The intention is to transcribe .docx files to have modified font and font sizes while keeping the run attributes such as bold, underline, italic etc. I'll then add some headers and graphics to the newly created target.docx files
How to reconstruct paragraphs from runs? Each one, currently, gets it's own separate line!
from docx import Document
from docx.shared import Pt
def main(filename):
try:
src_doc = Document(filename)
trg_doc = Document()
style = trg_doc.styles['Normal']
font = style.font
font.name = 'Times'
font.size = Pt(11)
for p_cnt in range(len(src_doc.paragraphs)):
for r_cnt in range(len(src_doc.paragraphs[p_cnt].runs)):
curr_run = src_doc.paragraphs[p_cnt].runs[r_cnt]
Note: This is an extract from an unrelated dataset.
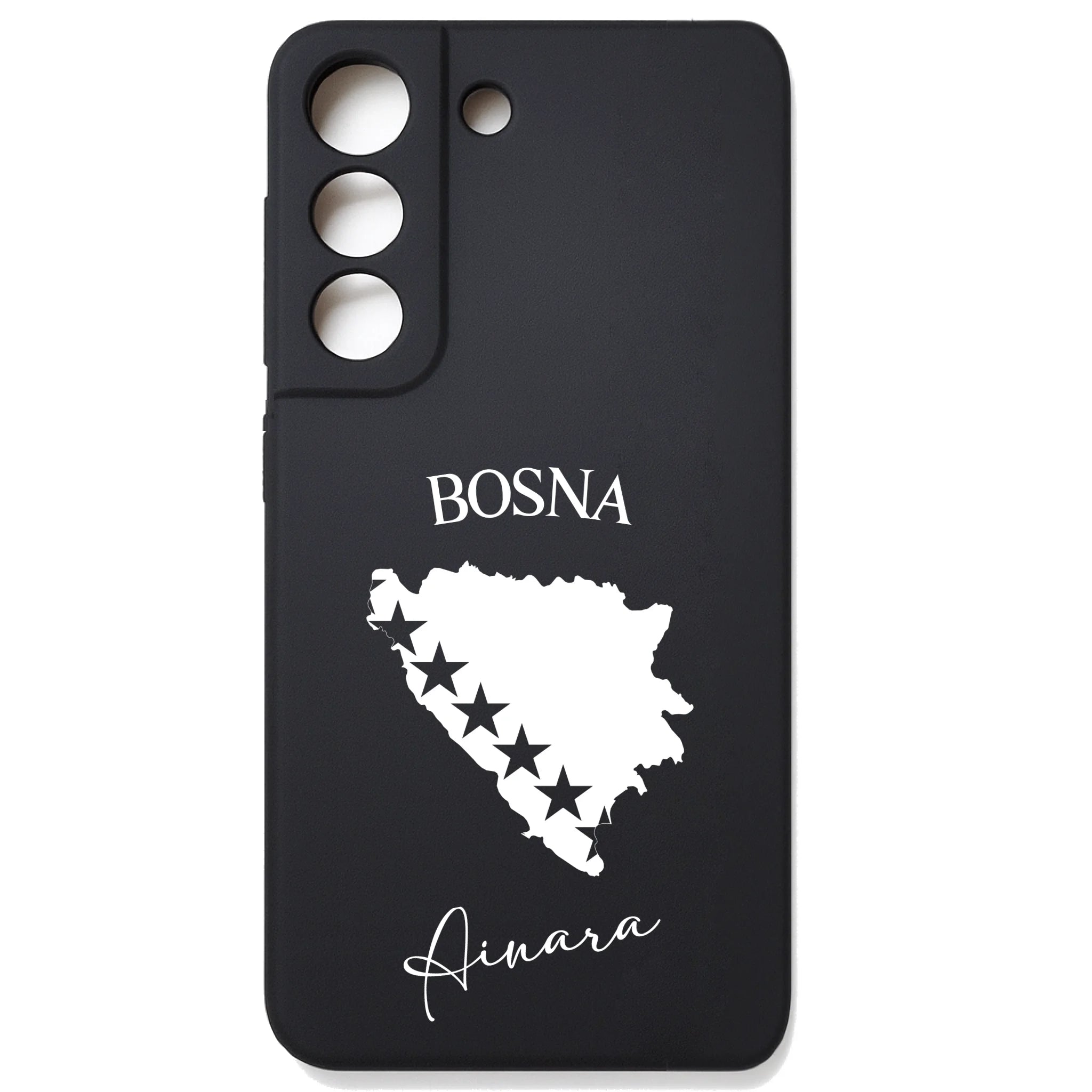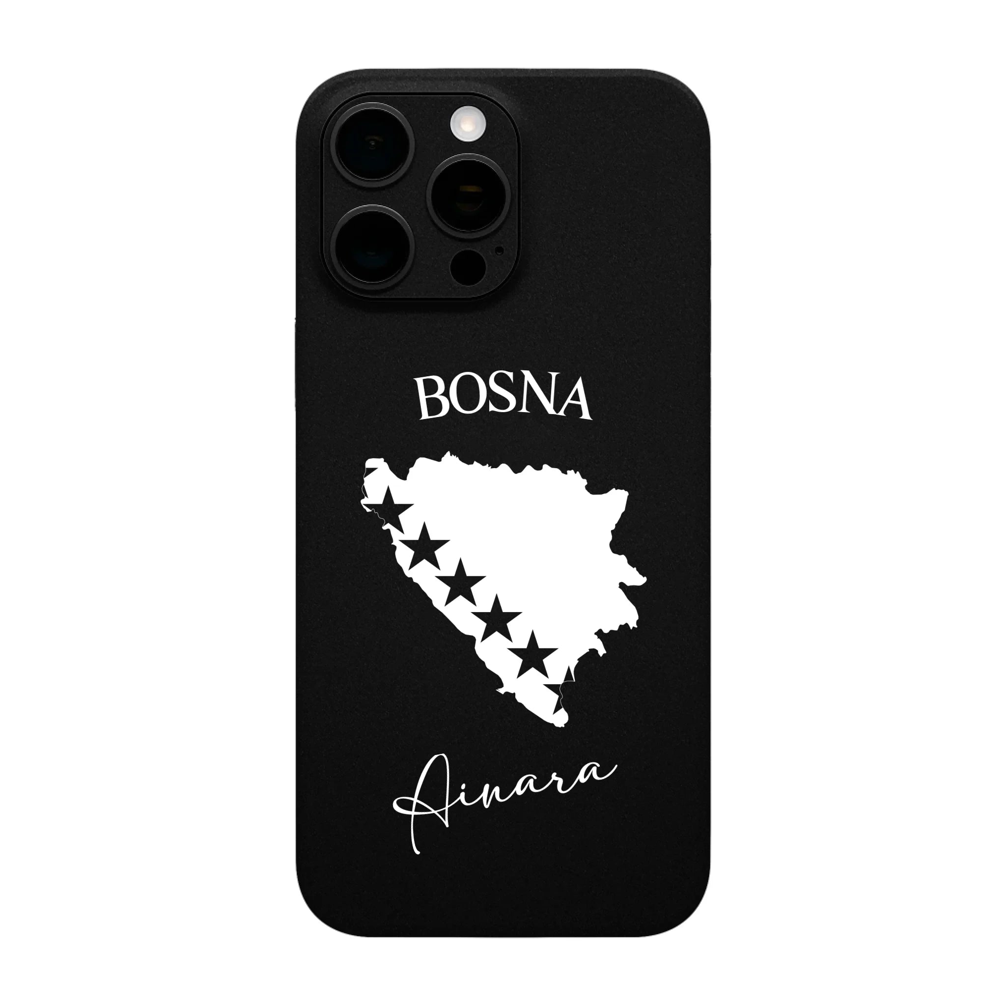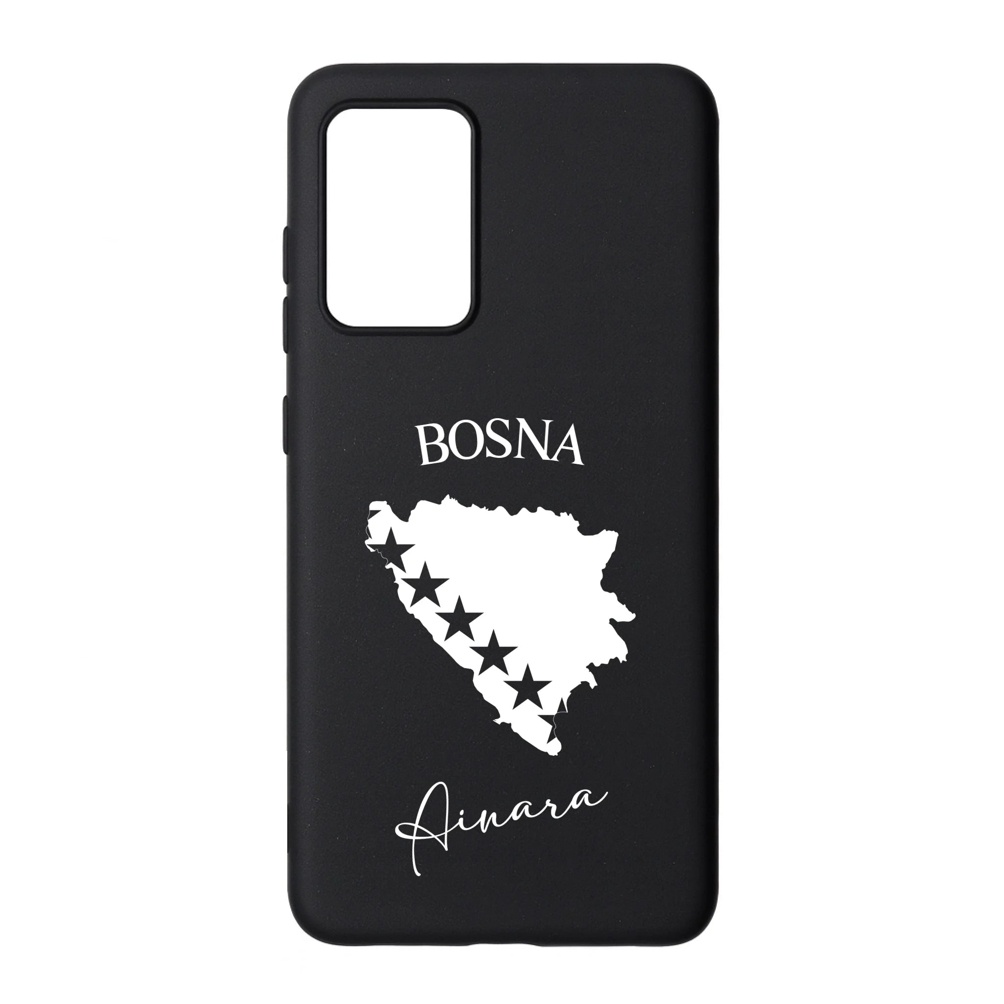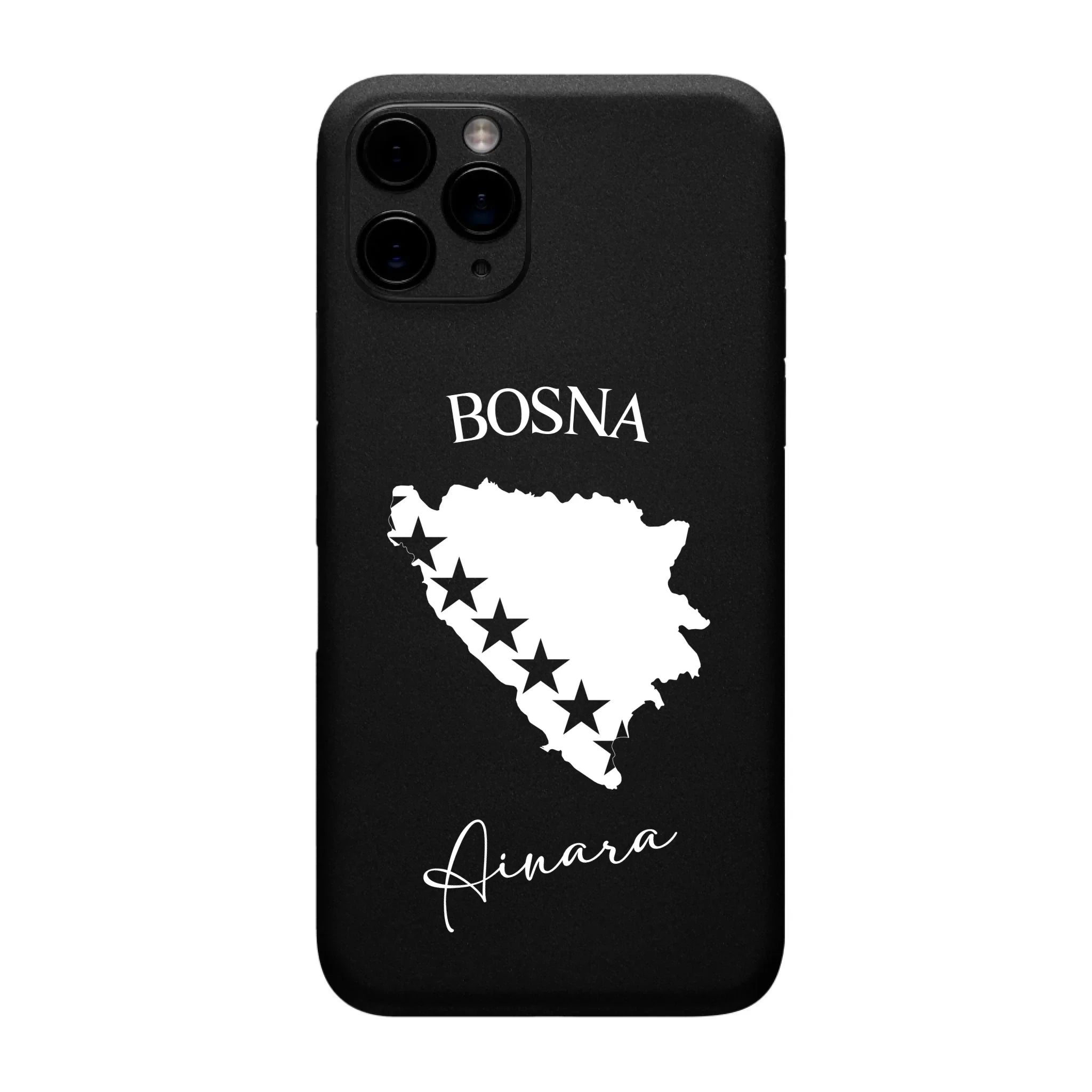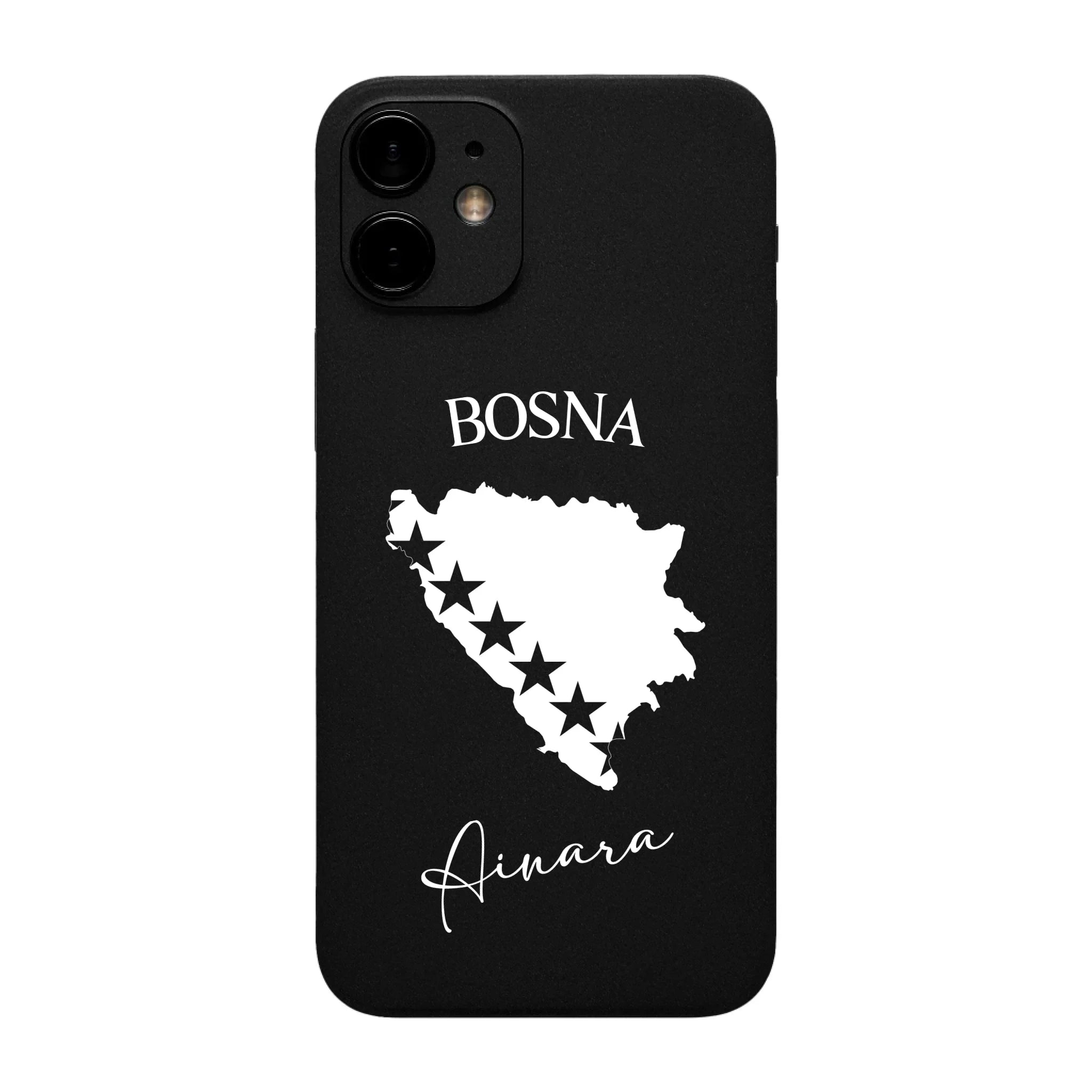 Produktbeschreibung: Personalisierte Silikon Handyhülle mit Bosnien Umriss und Wunschname

print('Run: ', curr_run.text)
paragraph = trg_doc.add_paragraph()
if curr_run.bold:
paragraph.add_run(curr_run.text).bold = True
elif curr_run.italic:
paragraph.add_run(curr_run.text).italic = True
elif curr_run.underline:
paragraph.add_run(curr_run.text).underline = True
else:
paragraph.add_run(curr_run.text)
trg_doc.save('../Output/the_target.docx')
except IOError:
print('There was an error opening the file')
if __name__ == '__main__':
main("../Input/Current_File.docx
Input:
1.0 PURPOSE The purpose of this procedure is to ensure all feedback is logged, documented and any resulting complaints are received, evaluated, and reviewed in accordance with 21 CFR Part 820 and ISO 13485
Output:
PURPOSE The purpose of this procedure is to ensure
all feedback is logged,
documented and any resulting complaints are received,
evaluated, and reviewed
in accordance with 21 CFR P art 820
and ISO 13485 .
You're adding a new paragraph for each run. Your core loop needs to look more like this:
for src_paragraph in src_doc.paragraphs:
tgt_paragraph = tgt_doc.add_paragraph()
for src_run in src_paragraph.runs:
print('Run: ', src_run.text)
tgt_run = tgt_paragraph.add_run(src_run.text)
if src_run.bold:
tgt_run.bold = True
if src_run.italic:
tgt_run.italic = True
if src_run.underline:
tgt_run.underline = True